Application of a new method to study the spin equilibrium of Aql X-1: the possibility of gravitational radiation

TL;DR

This paper introduces a method to determine if neutron stars in transient low-mass X-ray binaries have reached spin equilibrium through disk-magnetosphere interaction alone, and explores the potential role of gravitational radiation in their spin evolution.

Contribution

The authors develop a practical approach to assess spin equilibrium in neutron stars and apply it to Aql X-1, including numerical modeling with gravitational radiation considerations.

Findings

Aql X-1 has not reached spin equilibrium by disk-magnetosphere interaction alone.

Gravitational radiation from Aql X-1 cannot be confirmed but remains a plausible factor.
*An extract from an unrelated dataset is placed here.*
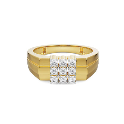 Presenting a traditional design with a contemporary hint, the Arthur Diamond Ring for Men by Emori. This ring shares a bold yet timeless pattern with a sparkling cluster of nine round lab-grown diamonds. Its classic design settled at a wide yellow gold band symbolizes strength and unity while making it a thoughtful ring to be cherished as an anniversary gift or milestone celebration. You can pair it with a tailored tuxedo or worn as an everyday luxury that ensures to present a signature style statement.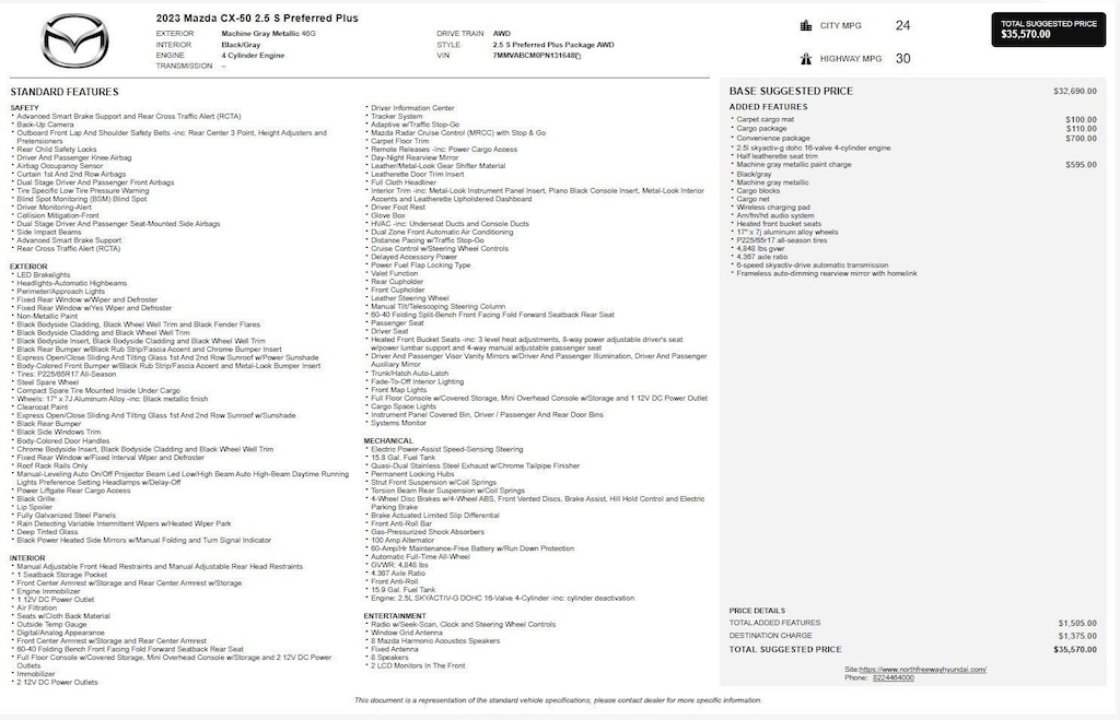 2023 Mazda CX-50 2.5 S Preferred Plus Package w/only 75,430 miles. Skyactiv-G 2.5L w/Cylinder Deactivation (187 hp) with a 6-speed automatic transmission. Machine Gray Metallic with Black Leatherette interior. Loaded with Convenience Pkg., Wireless Charging Pad, 10.25" Color Center Display, Rear Camera, Power Liftgate, Heated Front Seats, Smart Brake Support, Blind Spot Monitoring, and Wireless Apple/Android Carplay. Way too many options to list see third picture for original window sticker. Clean Carfax! All four tires have 7/32 tread with DOT date codes of 17/24. Located at 20440 Interstate I-45 North, Spring, Tx minutes from The Woodlands, Tomball and Conroe. CALL US (346-589-8830) CLICK US (GenesisofSpring.com) or COME SEE US!!

Upper limit on neutron star quadrupole moment is estimated at 1.6×10^37 g·cm^2.

Abstract

Accretion via disks can make neutron stars in low-mass X-ray binaries (LMXBs) fast spinning, and some of these stars are detected as millisecond pulsars. Here we report a practical way to find out if a neutron star in a transient LMXB has reached the spin equilibrium by disk--magnetosphere interaction alone, and if not, to estimate this spin equilibrium frequency. These can be done using specific measurable source luminosities, such as the luminosity corresponding to the transition between the accretion and propeller phases, and the known stellar spin rate. Such a finding can be useful to test if the spin distribution of millisecond pulsars, as well as an observed upper cutoff of their spin rates, can be explained using disk--magnetosphere interaction alone, or additional spin-down mechanisms, such as gravitational radiation, are required. Applying our method, we find that the neutron star in the transient LMXB Aql X--1 has not yet reached the spin equilibrium by disk--magnetosphere interaction alone. We also perform numerical computations, with and without gravitational radiation, to study the spin evolution of Aql X--1 through a series of outbursts and to constrain its properties. While we find that the gravitational wave emission from Aql X--1 cannot be established with certainty, our numerical results show that the gravitational radiation from Aql X--1 is possible, with a $1.6\times10^{37}$ g cm$^2$ upper limit of the neutron star misaligned mass quadrupole moment.